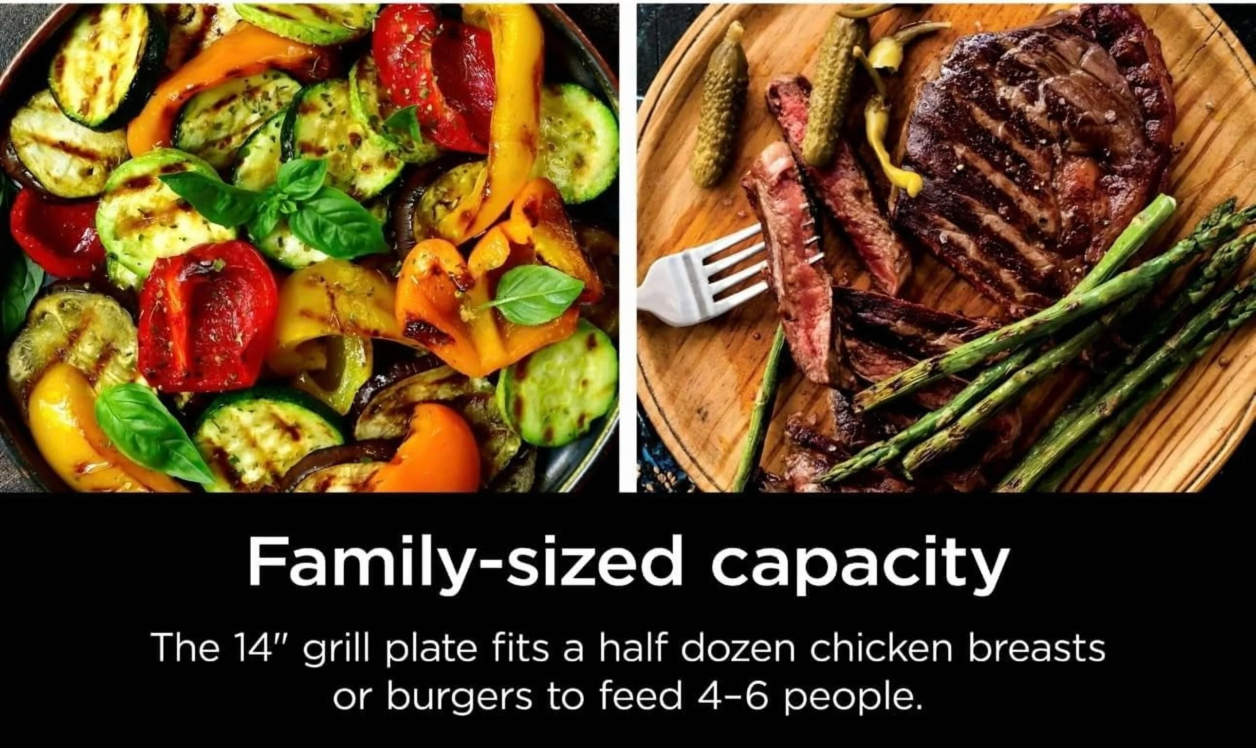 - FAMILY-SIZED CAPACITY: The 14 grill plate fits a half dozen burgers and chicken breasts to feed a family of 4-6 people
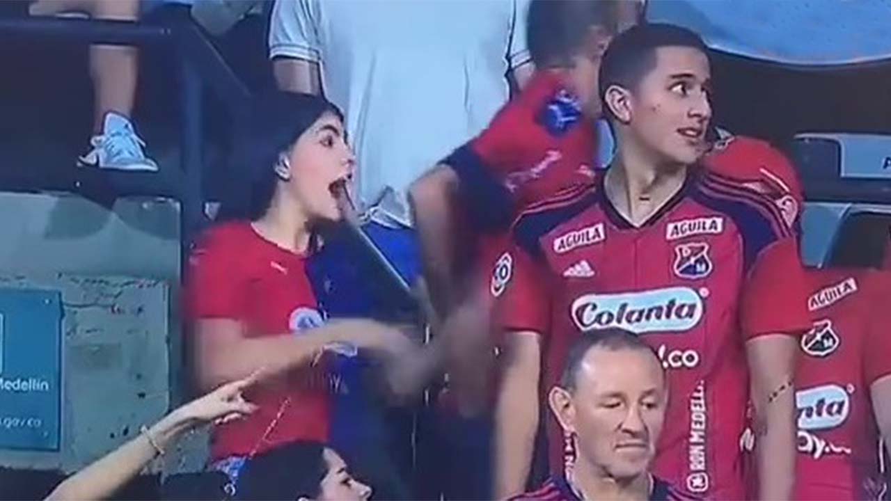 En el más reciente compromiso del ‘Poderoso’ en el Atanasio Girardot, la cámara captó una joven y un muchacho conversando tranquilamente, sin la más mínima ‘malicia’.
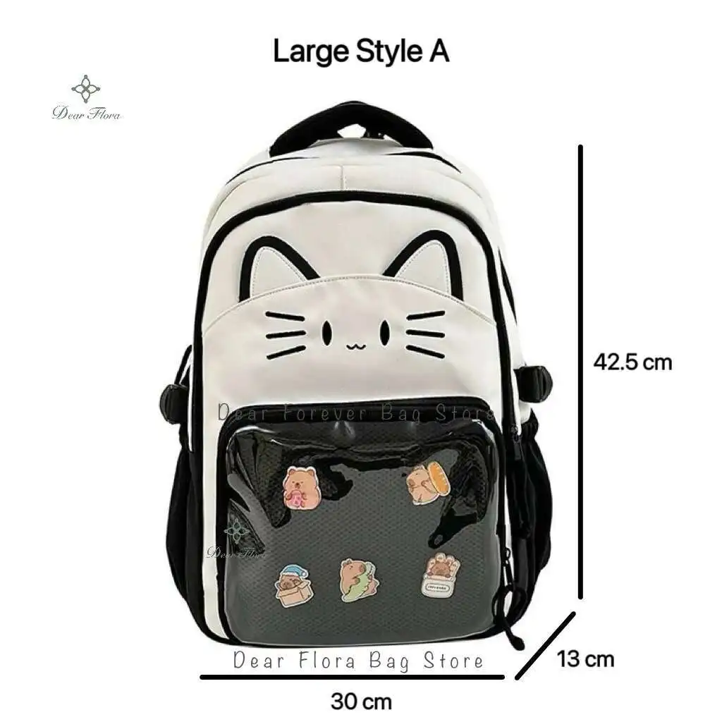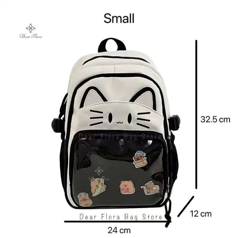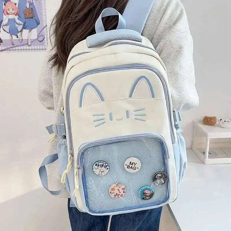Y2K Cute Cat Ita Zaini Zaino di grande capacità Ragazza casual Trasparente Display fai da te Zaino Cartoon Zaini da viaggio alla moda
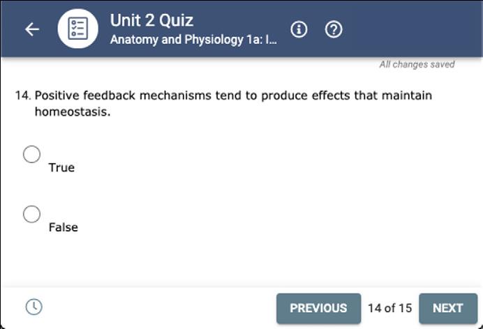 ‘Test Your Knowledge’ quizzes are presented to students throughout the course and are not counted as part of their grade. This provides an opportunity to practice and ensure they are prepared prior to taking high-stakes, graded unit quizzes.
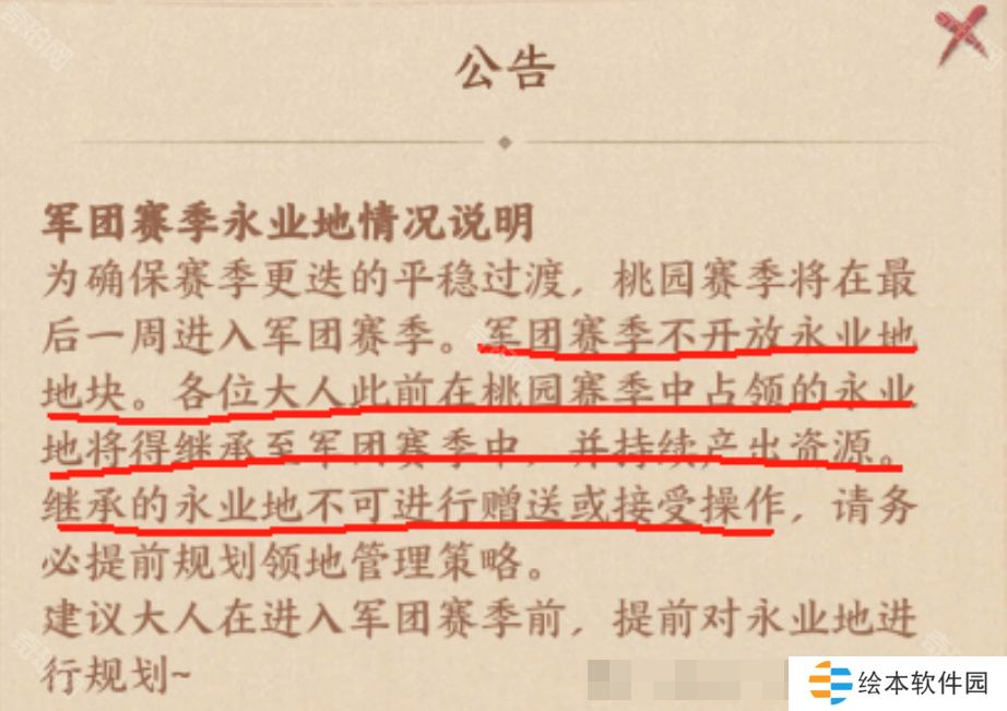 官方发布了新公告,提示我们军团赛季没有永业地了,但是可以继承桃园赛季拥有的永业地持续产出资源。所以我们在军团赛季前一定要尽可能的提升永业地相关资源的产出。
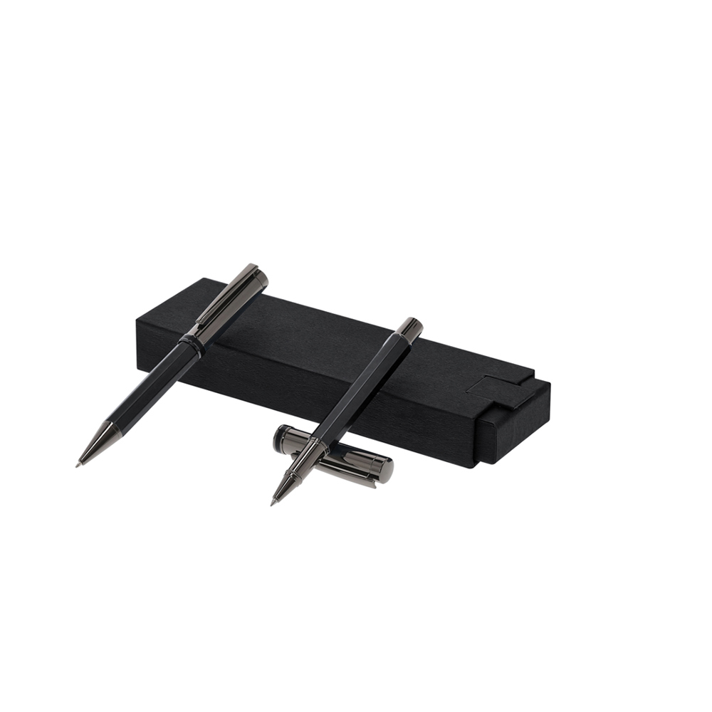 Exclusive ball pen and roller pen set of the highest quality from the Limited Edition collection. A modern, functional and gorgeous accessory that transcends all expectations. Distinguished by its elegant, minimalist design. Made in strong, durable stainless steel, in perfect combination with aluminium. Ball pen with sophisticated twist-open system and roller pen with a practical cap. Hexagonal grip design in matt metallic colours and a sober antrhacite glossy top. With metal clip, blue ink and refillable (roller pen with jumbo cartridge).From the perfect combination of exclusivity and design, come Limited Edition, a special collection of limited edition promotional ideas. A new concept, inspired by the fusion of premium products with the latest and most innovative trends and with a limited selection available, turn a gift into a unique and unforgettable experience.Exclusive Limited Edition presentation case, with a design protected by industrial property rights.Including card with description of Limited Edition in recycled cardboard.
········
- TASK DESCRIPTION
Transcribe exactly the lines from the one holding "官方发布了新公告,提示我们军" through the final line of the material above, both ends included; any pictures should be dropped.

- EXERCISE SOLUTION
 官方发布了新公告,提示我们军团赛季没有永业地了,但是可以继承桃园赛季拥有的永业地持续产出资源。所以我们在军团赛季前一定要尽可能的提升永业地相关资源的产出。
 Exclusive ball pen and roller pen set of the highest quality from the Limited Edition collection. A modern, functional and gorgeous accessory that transcends all expectations. Distinguished by its elegant, minimalist design. Made in strong, durable stainless steel, in perfect combination with aluminium. Ball pen with sophisticated twist-open system and roller pen with a practical cap. Hexagonal grip design in matt metallic colours and a sober antrhacite glossy top. With metal clip, blue ink and refillable (roller pen with jumbo cartridge).From the perfect combination of exclusivity and design, come Limited Edition, a special collection of limited edition promotional ideas. A new concept, inspired by the fusion of premium products with the latest and most innovative trends and with a limited selection available, turn a gift into a unique and unforgettable experience.Exclusive Limited Edition presentation case, with a design protected by industrial property rights.Including card with description of Limited Edition in recycled cardboard.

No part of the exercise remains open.